通过Python脚本在网页中填充表单值(非测试)
我需要通过Python在一个目标页面上填写表单,然后点击一个按钮。我查过Selenium和Windmill,但这些都是测试框架——我并不是在做测试。我想要程序化地登录一个第三方网站,然后下载并解析一个文件,以便把它插入到我们的数据库里。问题是这些测试框架会启动浏览器实例;我只是想要一个可以每天定时运行的脚本,来获取我想要的页面。有没有办法做到这一点?
5 个回答
8
你可以使用标准的 urllib
库来做到这一点,方法如下:
import urllib
urllib.urlretrieve("http://www.google.com/", "somefile.html", lambda x,y,z:0, urllib.urlencode({"username": "xxx", "password": "pass"}))
20
看看这个使用Mechanize的例子:它会给你一个基本的概念:
#!/usr/bin/python
import re
from mechanize import Browser
br = Browser()
# Ignore robots.txt
br.set_handle_robots( False )
# Google demands a user-agent that isn't a robot
br.addheaders = [('User-agent', 'Firefox')]

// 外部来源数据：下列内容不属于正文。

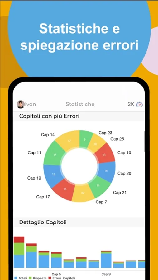Puoi anche monitorare le tue statistiche ed esercitarti sui Quiz più difficili, divisi per capitoli o per errori. Scegli tra Quiz Patente A, B, AM, CQC, CQC aggiornato 2022, Superiori e Revisioni di ogni patente.
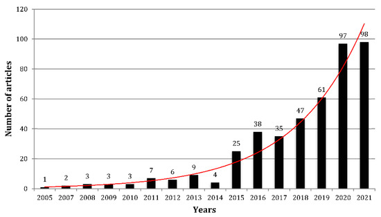 A performance analysis allows analytical descriptions of the contributions of the research elements that constitute the studied topic [32], in this case, the publication-related metrics of sustainable entrepreneurship will be depicted at the global level in order to contextualize this field of knowledge, then, we will focus on the Global South. Figure 2 shows how the 1964 articles that were produced from 2001 to November 2021 in the field of sustainable entrepreneurship are distributed. It is interesting to observe the growing scholarly research, mainly since 2015.
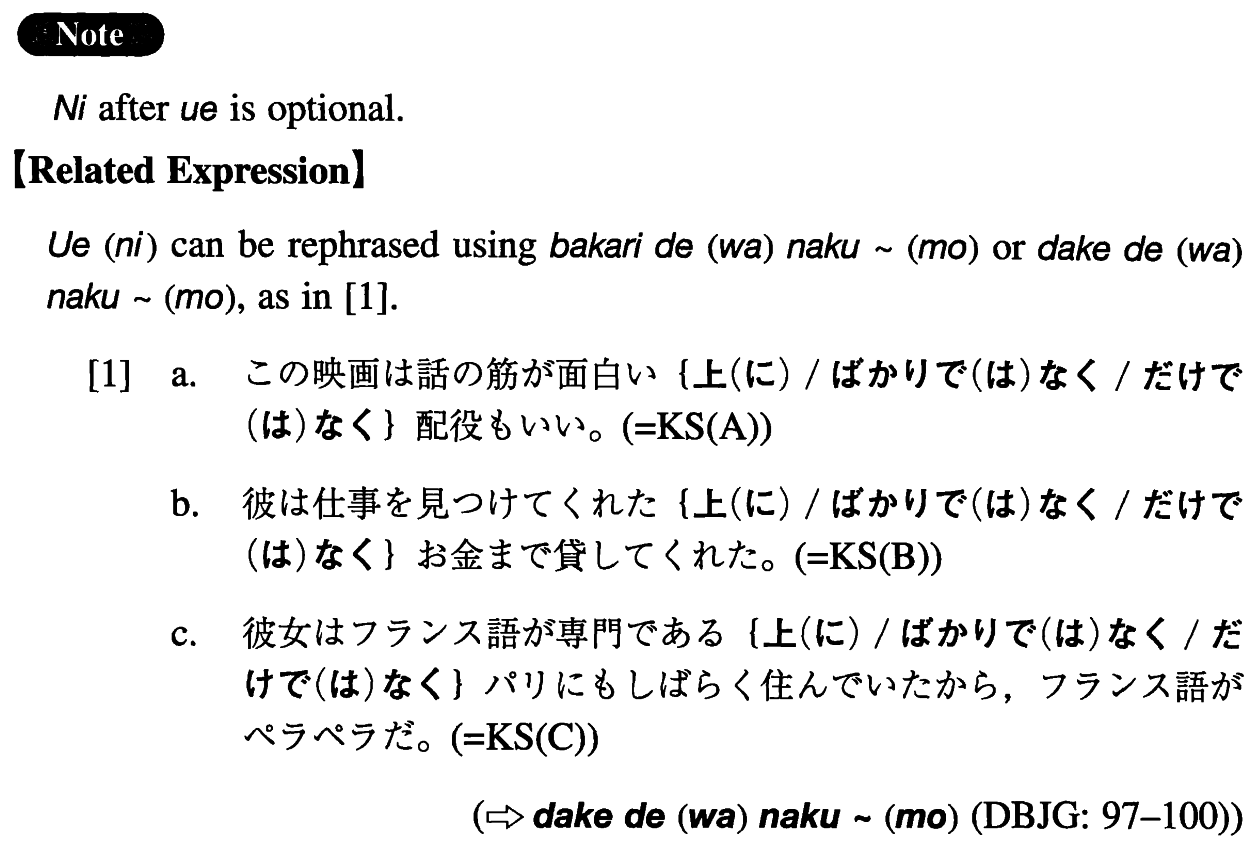 (ksb). 彼は仕事を見つけてくれた上(に)お金まで貸してくれた。
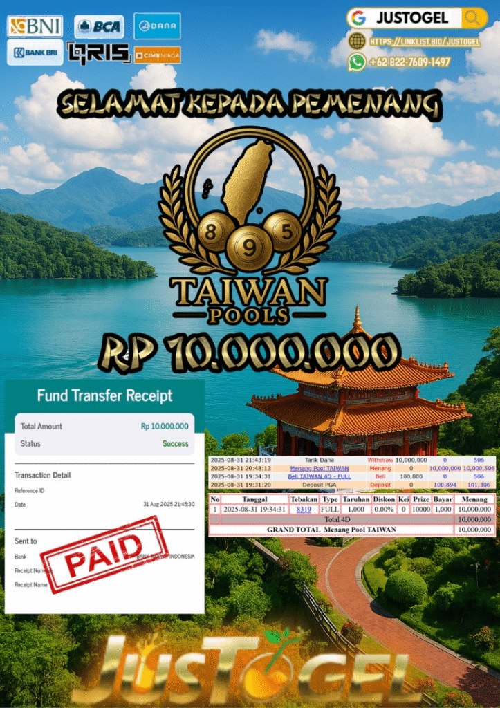 Selamat kepada User ID : RE***GA Telah berhasil mendapatkan kemenangan besar pada Permainan JP TOGEL TOTO MACAU Dengan kemenangan Sebesar Rp 11.350.000,- Setelah mengisi formulir withdraw dengan kurung waktu hanya 5-10 menit pihak JUSTOGEL sudah melakukan transfer kepada pemilik User ID dan dana sudah dapat di cairkan oleh pemenang. Bukti pembayaran yang kami berikan merupakan bukti pembayaran yang SAH / VALID yang langung di dapatkan melaui tanda transfer transaksi dari Bank yang di tuju.

# Retrieve the Google home page, saving the response
br.open( "http://google.com" )
# Select the search box and search for 'foo'
br.select_form( 'f' )
br.form[ 'q' ] = 'foo'
# Get the search results
br.submit()
# Find the link to foofighters.com; why did we run a search?
resp = None
for link in br.links():
siteMatch = re.compile( 'www.foofighters.com' ).search( link.url )
if siteMatch:
resp = br.follow_link( link )
break
# Print the site
content = resp.get_data()
print content
33
你在寻找 Mechanize
这是一个提交表单的示例:
import re
from mechanize import Browser
br = Browser()
br.open("http://www.example.com/")
br.select_form(name="order")
# Browser passes through unknown attributes (including methods)
# to the selected HTMLForm (from ClientForm).
br["cheeses"] = ["mozzarella", "caerphilly"] # (the method here is __setitem__)
response = br.submit() # submit current form